What tools do you use on the job?

I use Google apps like google docs, drive, etc. Audio editing apps like Adobe audition. Video editing apps like inshot, caput.

I have used the Internet and social media platforms like X formerly twitter, Facebook to stay ahead and relevant more recently LinkedIn. I have also joined a few international communities for journalists to stay ahead.

Radio Anchor and Podcaster, Vanessa Ukamaka Richard Bassey. Pic: Bassey.

Tell us what your plan looks in the next 2-5 years.

In the next 2-5 years, I want to transcend to Television broadcasting. Run a podcast dedicated to timely and accurate health information that will be a go-to place for people to get the right health education that will influence change. I want to attend national snf and international fellowships for journalists. Possibly begin a masters degree in health journalism.

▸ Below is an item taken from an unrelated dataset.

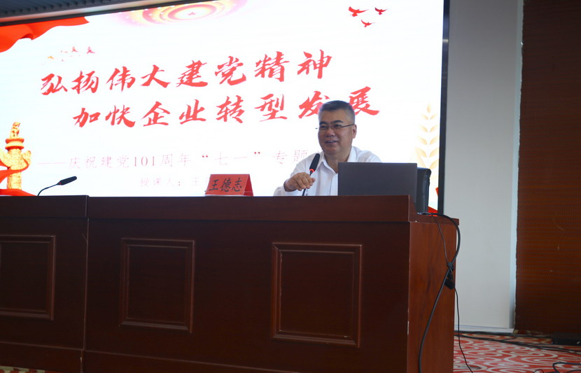 公司黨委書記、董事長、總經(jīng)理王德志為與會黨員上“七·一”專題黨課。他生動地闡述了自建黨以來,中國共產黨一代又一代的領導人帶領中國人民謀幸福的偉大征程。王德志指出2019至2021三年間,公司業(yè)績實現(xiàn)“三連增”,順利完成“一減半、兩年扭虧、三年新高”的發(fā)展目標。

What do you think makes your generation of Journos lucky in this digital age?

My generation is lucky because we have an array of digital tools that can make our work easier. These tools also give us a wider reach. Hence, we have to leverage these tools to intentionally shape the information landscape while also navigating the challenges these tools come with. We also have to confront misinformation and fake news constructively.